The invention further provides a system for balancing axial shaft loads, the system including a housing, a partition within the housing defining a low pressure chamber and a high pressure chamber, a fluid reservoir disposed in the high pressure chamber, a rotatable shaft extending from the low pressure chamber into the high pressure chamber through the partition, the shaft including a first end disposed in the high pressure chamber in fluid communication with the fluid reservoir, a second end disposed in the low pressure chamber, and a channel extending substantially axially through the shaft between the first end and the second end. The invention further provides a reaction member sealed with respect to the shaft, the reaction member including a compression volume engaging the second end, such that fluid entering the compression volume from the channel creates an axial force on the second end approximately equal to a pressure-induced force on the first end.

It is to be understood that both the foregoing general description and the following detailed description are exemplary and explanatory only and are not restrictive of the invention, as claimed.

BRIEF DESCRIPTION OF THE DRAWINGS

The accompanying drawings, which are incorporated in and constitute a part of this specification, illustrate several embodiments of the invention and together with the description, serve to explain the principles of the invention. In the drawings,

FIG. 1 is a section view of an embodiment of the shaft load balancing system of the present invention.

FIG. 2 is a detail view of a first embodiment of the reaction member of the present invention in a first position.

FIG. 3 is a detail view of a first embodiment of the reaction member of the present invention in a second position.

FIG. 4 is a detail view of a second embodiment of the reaction member of the present invention in a first position.

FIG. 5 is a detail view of a second embodiment of the reaction member of the present invention in a second position.

FIG. 6 is a detail view of a third embodiment of the reaction member of the present invention.

DETAILED DESCRIPTION

Reference will now be made in detail to the present embodiments of the invention, examples of which are illustrated in the accompanying drawings. Wherever possible, the same reference numbers will be used throughout the drawings to refer to the same or like parts.

An embodiment of the shaft load balancing system 10 of the present invention is shown in FIG. 1 . The system is shown in use on a compressor system 20 , but could be effectively applied in any device having a housing with chambers at different operating pressures, and a shaft with an end disposed in each of the chambers.

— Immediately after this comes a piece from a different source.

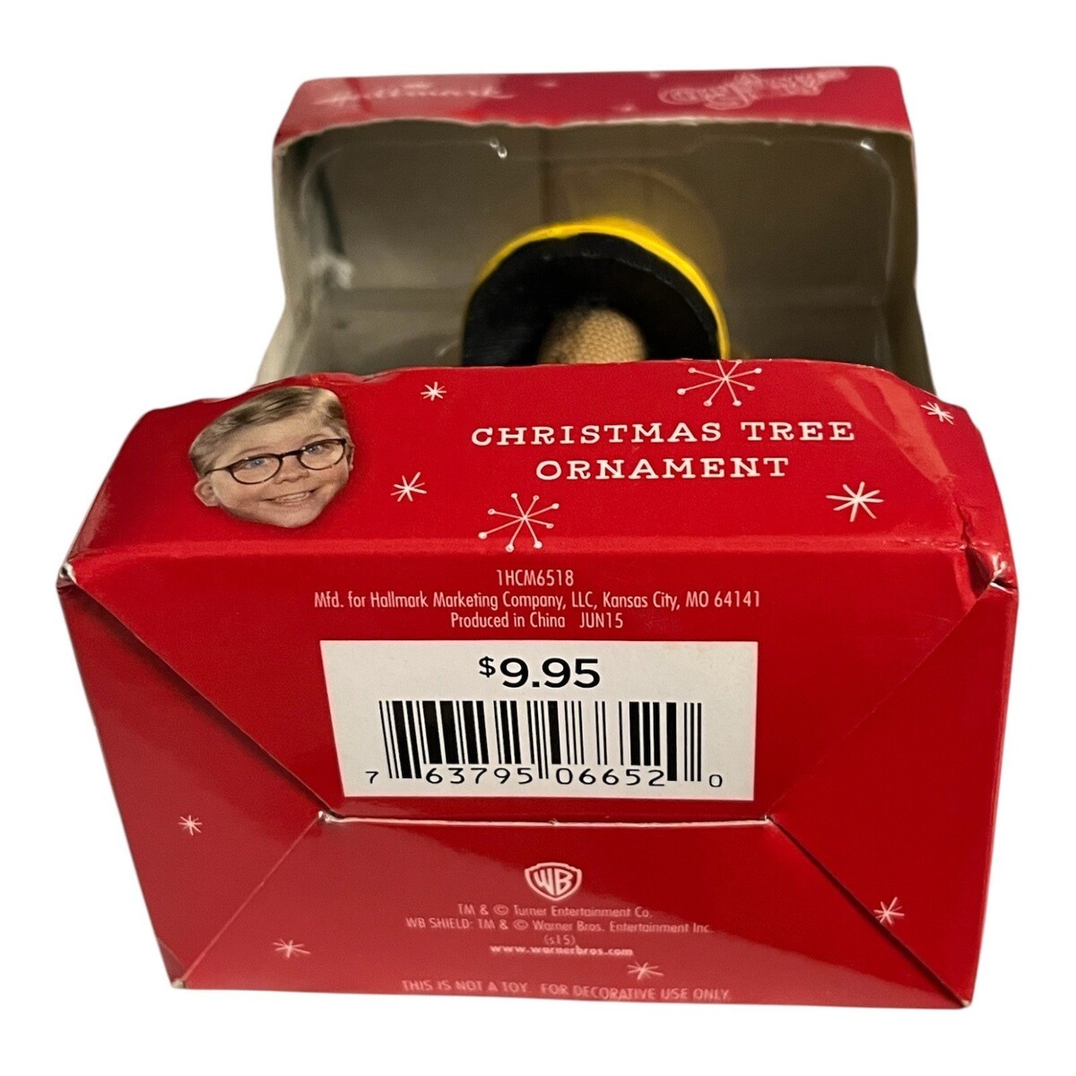 Fun Hallmark ornament featuring the iconic Leg Lamp from *A Christmas Story*. Comes in the original 2015 box with clear window. Box shows noticeable wear, creasing, and edge dents, but ornament inside is unused and still secured.

As used herein, the term “chamber” means an enclosed space.

The system 10 shown in FIG. 1 comprises a housing 22 divided by a partition 24 into a first chamber 26 and a second chamber 28 . In the embodiment shown, a fluid reservoir 30 is disposed in the first chamber 26 , and a motor 32 , comprising a stator 34 and a rotor 36 , is disposed in the second chamber 28 . In this embodiment, the fluid reservoir 30 is a sump containing oil, although other comparable fluids would perform equally as well. A rotatable shaft 38 is supported by bearings 40 , 42 within the housing 22 . The shaft 38 passes through the partition 24 , extending from the first chamber 26 into the second chamber 28 , where it supports the rotor 36 . In the embodiment shown, a compressor unit 44 is operatively connected to the shaft 38 in the first chamber 26 .

As shown in FIG. 1 , the shaft 38 has a first end 46 disposed in the first chamber 26 and a second end 48 disposed in the second chamber 28 . The ends 46 , 48 of the shaft 38 have an approximately equal projected cross-sectional area. A channel 50 extends substantially axially through the shaft 38 between the first end 46 and the second end 48 . As used herein, the term “channel” means a fluid passage. In the embodiment shown in FIG. 1 , the first end 46 of the shaft 38 is immersed in the fluid reservoir 30 , but other known fluid couplings providing fluid communication between the reservoir 30 and the channel 50 would perform equally as well.

A reaction member 52 engages the second end 48 of the shaft 38 in the second chamber 28 . The reaction member 52 is a substantially cup-shaped member, which forms a compression volume 54 when the reaction member 52 is engaged with the shaft 38 . Although a cup-shaped reaction member 52 is shown, other shapes providing a suitable compression volume 54 would perform equally as well. As shown in FIG. 1 , the compression volume 54 is in fluid communication with the channel 50 in the shaft 38 . Further, the reaction member 52 is sealed with respect to the shaft 38 to prevent fluid leakage from the compression volume 54 .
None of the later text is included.